Время от времени наступали моменты, когда в ее юном теле просыпались непомерные аппетиты и боль томления, но ей всякий раз удавалось вернуть душевный покой, недвижимость плоти и ума, сбережение которой казалось ей теперь единственной радостью жизни и ее целью. Вера ее, питаемая чувствами и умом, была абсолютной и до того очевидной в своей правоте, что она вскоре утратила способность понимать и людей, не разделявших ее, и то, чем была ее душа до прозрения. Она училась без труда, однако без любопытства и воодушевления, которые знала раньше. Ботаника, география, кавалькады князей и исторические сражения все еще воздействовали на ее воображение, однако ненадолго, подобно тому, как какой-нибудь ребус или головоломка, на короткое время занимая ум, не оказывают ни малейшего влияния ни на восприятие реальности, ни на интересы.

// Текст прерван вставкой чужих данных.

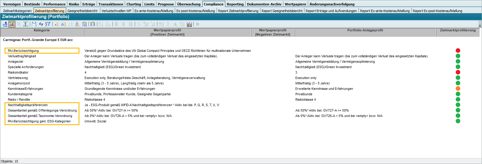 Auswertungen "Zielmarktprofilierung (Portfolio)" und "Zielmarktprofilierung (Pre-Trade)"

Она посвящала молитвам не больше времени, чем ее одноклассницы, и избегала просьб ко Всевышнему — ведь для того, чтобы привести свое сознание в состояние созерцательного покоя, ей достаточно было присесть в одиночестве на каменную скамью на аллее и поднять глаза на деревянное распятие. Проходило совсем немного времени — и по аллее, подобно осеннему ветерку, к ней подкатывала волна нежности; омыв ее, волна милосердно продолжала свой путь, унося прочь все нечистое и само ощущение ее отдельного «я».
Она пробовала читать сочинения мистиков, но все слова, слишком потрепанные от частого употребления, вставали между ней и реальностью, подобно стене. У нее не было оснований сомневаться, что святая Тереза Авильская умела летать и иногда, сама того не зная, подлетала к потолку, как пузырек в стакане; но, если судить по словам, которыми она описывала свой экстаз, то, скорее всего, бедная Тереза, что называется, ходила на стоптанных каблуках. Одно время Хайди увлекла проблема святости; она воображала, что ей явились признаки собственной избранности, постилась по несколько дней, думая, что этого никто не замечает, и носилась с дикой идеей, что, если она и впрямь святая, то у нее больше не будет менструаций. Однажды месячные действительно запоздали на целую неделю, и она всю эту неделю прожила в состоянии восторга, замечая время от времени, несмотря на напускное безразличие, любопытные взоры одноклассниц и бессловесное неодобрение монахинь, пока, наконец, во время редкой прогулки с сестрой Бутийо по излюбленной аллее, не посочувствовала, что ошиблась. Она ринулась домой, плача от злости и унижения; во время исповеди ей показалось, что в голосе священника слышится ироническая насмешка, и до нее дошло, до чего чудовищной была ее самонадеянность; после этого эпизода она стала более уравновешенной и вообще повзрослела.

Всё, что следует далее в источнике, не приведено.